Single by The Hollywood Flames
- B-side: "Crazy"
- Released: October 1957
- Genre: Doo wop
- Length: 2:08
- Label: Ebb
- Songwriter(s): John Gray, Bobby Day
- Producer(s): John Dolphin

The Hollywood Flames singles chronology
| "Peggy" (1954) | "Buzz-Buzz-Buzz" (1957) | "Strollin' on the Beach" (1958) |

= Buzz-Buzz-Buzz =

"Buzz-Buzz-Buzz" is a song written by John Gray and Bobby Day and performed by The Hollywood Flames. The lead vocals were by Earl Nelson, and later by Bob & Earl. It reached number 5 on the US R&B chart and number 11 on the Billboard pop chart in 1957.
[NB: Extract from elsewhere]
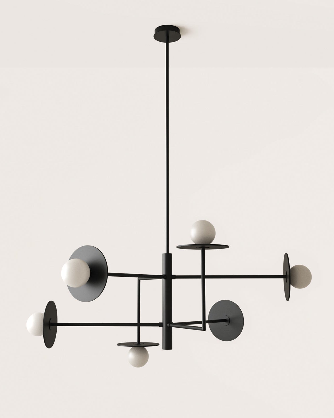 Featuring a constellation of suspended geometric forms, orbs, and discs, the Minimalist Orb Disc Chandelier is a striking balance of metal and glass. Its refined composition and sculptural presence create an impressive statement piece for modern interiors. Designed with precision and minimalism in mind, this chandelier is ideal for both residential and commercial settings from contemporary living rooms and dining areas to grand foyers and boutique spaces.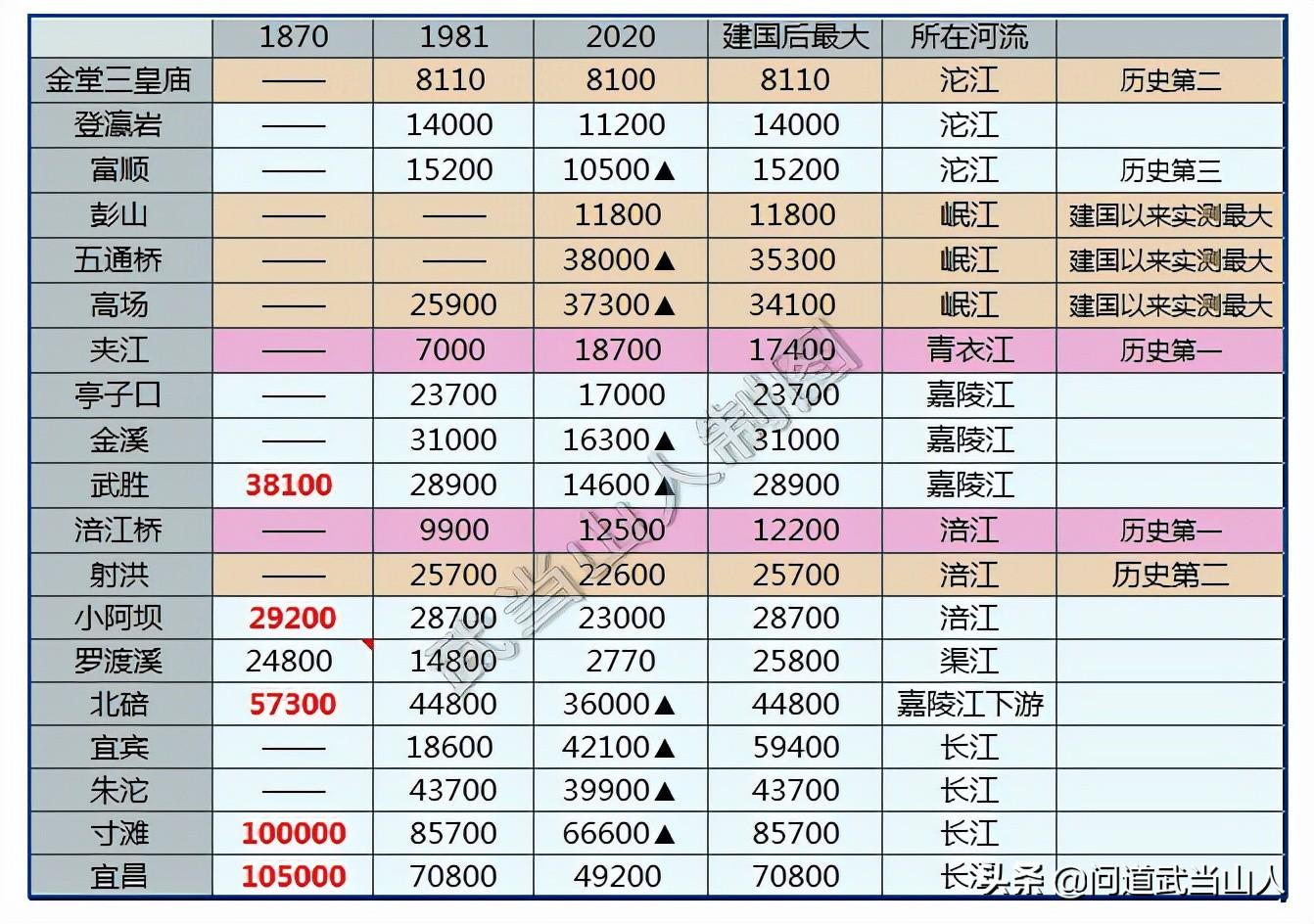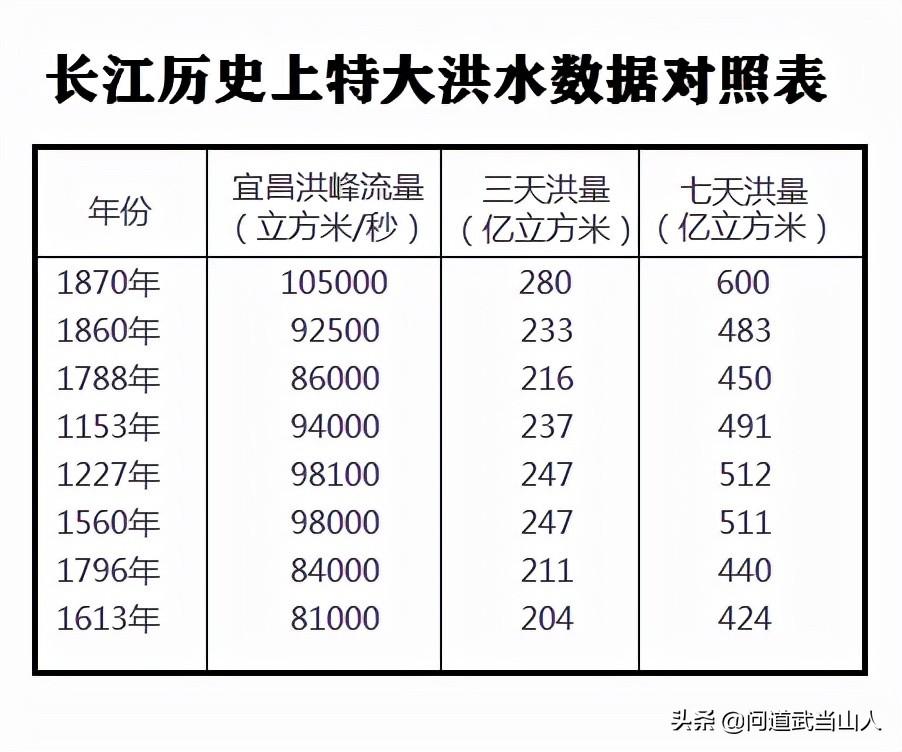 如果把1954年与1870年两次洪水水文测量进行比较,宜昌站1870年洪水位比1954年约高3.8米,宜昌河段最大洪峰流量达105000立方米/秒,超过60000立方米/秒的大型洪峰整整持续了半个多月。

The single ranked 94th on Billboard's Year-End Hot 100 singles of 1958.

==Other versions==
- Rusty Draper released a version of the song as the B-side to his 1957 single, "I Get the Blues When It Rains". It reached #21 in Canada.
- Frankie Lymon released a version of the song as the B-side to his 1960 single, "Waitin' in School".
- Bobby Day later released his own version as the B-side to his 1963 single, "Pretty Little Girl Next Door".
- Rocky Roberts and the Airedales released a version of the song as a single in 1967.
- Shakin' Stevens and the Sunsets released a version of the song on his 1973 album, Shakin' Stevens & Sunsets.
- Jonathan Richman & the Modern Lovers released a version of the song as a single in 1978 in the United Kingdom.
- The Blasters released a version of the song on their 1980 album, American Music.
- Huey Lewis and the News released a version of the song on their 1982 album, Picture This.
- The Beach Boys performed the song live during 1984.
- Los Lobos with Lalo Guerrero released a version of the song on their 1995 album, Papa's Dream.
- Collage released a version of the song on their 1999 album, Chapter II 1999.
- The Refreshments released a version of the song on their 2008 album, Jukebox - Refreshing Classics.